These classes are used to parse objects from the response, map them into models and generate the UI. The website works in a similar way, the difference is that it uses plain JSON (likely converted from protobuf server-side, hence the weird structure of the response).

Here we're taking a similar approach, the parser goes through all the renderers and parses their inner element(s). The final result is a nicely structured JSON, and on top of that it also parses navigation endpoints which allows us to make an API call with all required parameters in one line and even emulate client actions (eg; clicking a button).
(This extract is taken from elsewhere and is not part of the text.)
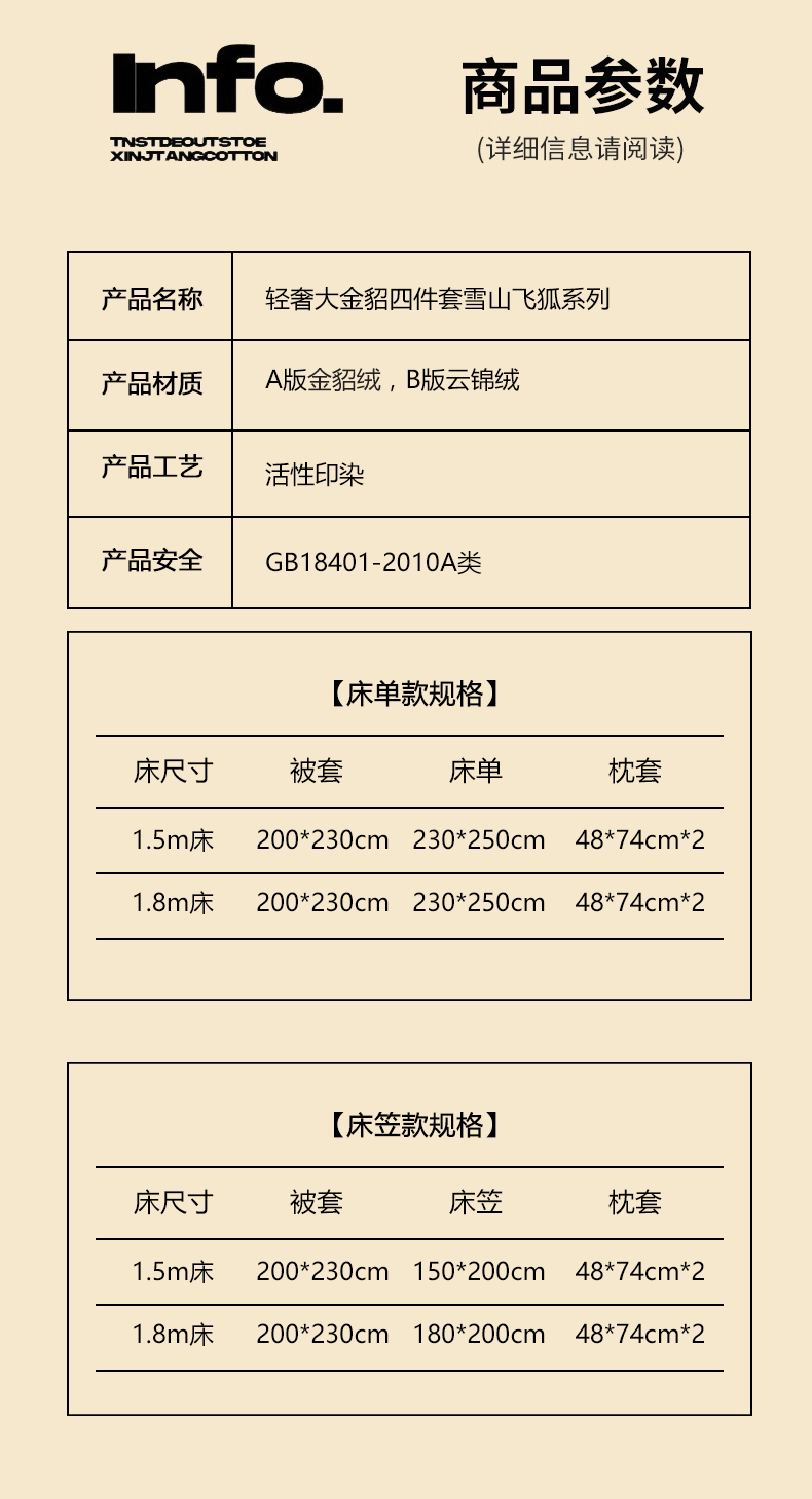 [{"sp_id":11,"sp_name":"\u989c\u8272","sp_format":2,"sp_list":[{"sp_value_id":1662,"sp_value_name":"\u96ea\u5c71\u98de\u72d0-\u68d5\u5496","sp_value_image":{"id":999,"path":"https:\/\/img3.91jf.com\/ghelp\/2025\/20251010\/20251010130030_823350.jpeg"},"sp_value_video":{"id":0,"img":"","path":"","time":0,"download_num":0,"play_num":0},"price":"265.00","storage":1000,"weight":"6.000","is_check_weight":0,"plus_price":"","sp_sort":0}]},{"sp_id":10,"sp_name":"\u5c3a\u5bf8","sp_format":1,"sp_list":[{"sp_value_id":41,"sp_value_name":"\u3010\u5e8a\u5355\u6b3e\u30111.5\u56db\u4ef6\u5957-\u88ab\u5957200x230","sp_value_image":{"id":0,"path":""},"sp_value_video":{"id":0,"img":"","path":"","time":0,"download_num":0,"play_num":0},"price":"265.00","storage":500,"weight":"6.000","is_check_weight":0,"plus_price":"","sp_sort":5},{"sp_value_id":42,"sp_value_name":"\u3010\u5e8a\u5355\u6b3e\u30111.8\u56db\u4ef6\u5957-\u88ab\u5957200x230","sp_value_image":{"id":0,"path":""},"sp_value_video":{"id":0,"img":"","path":"","time":0,"download_num":0,"play_num":0},"price":"265.00","storage":500,"weight":"6.000","is_check_weight":0,"plus_price":"","sp_sort":6}]}]

Here is your average, arguably ugly InnerTube response:

Click to see

{
  sidebar: {
    playlistSidebarRenderer: {
      items: [
        {
          playlistSidebarPrimaryInfoRenderer: {
            title: {
              simpleText: '..'
            },
            description: {
              runs: [
                {
                  text: '..'
                },
                //....
              ]
            },
            stats: [
              {
                simpleText: '..'
              },
              {
                runs: [
                  {
                    text: '..'
                  }
                ]
              }
            ]
          }
        }
      ]
    }
  }
}

And what we get after parsing it:

Click to see

{
  sidebar: {
    type: 'PlaylistSidebar',
    contents: [
      {
        type: 'PlaylistSidebarPrimaryInfo',
        title: { text: '..' },
        description: { text: '..' },
        stats: [
          {
            text: '..'
          },
          {
            text: '..'
          }
        ]
      }
    ]
  }
}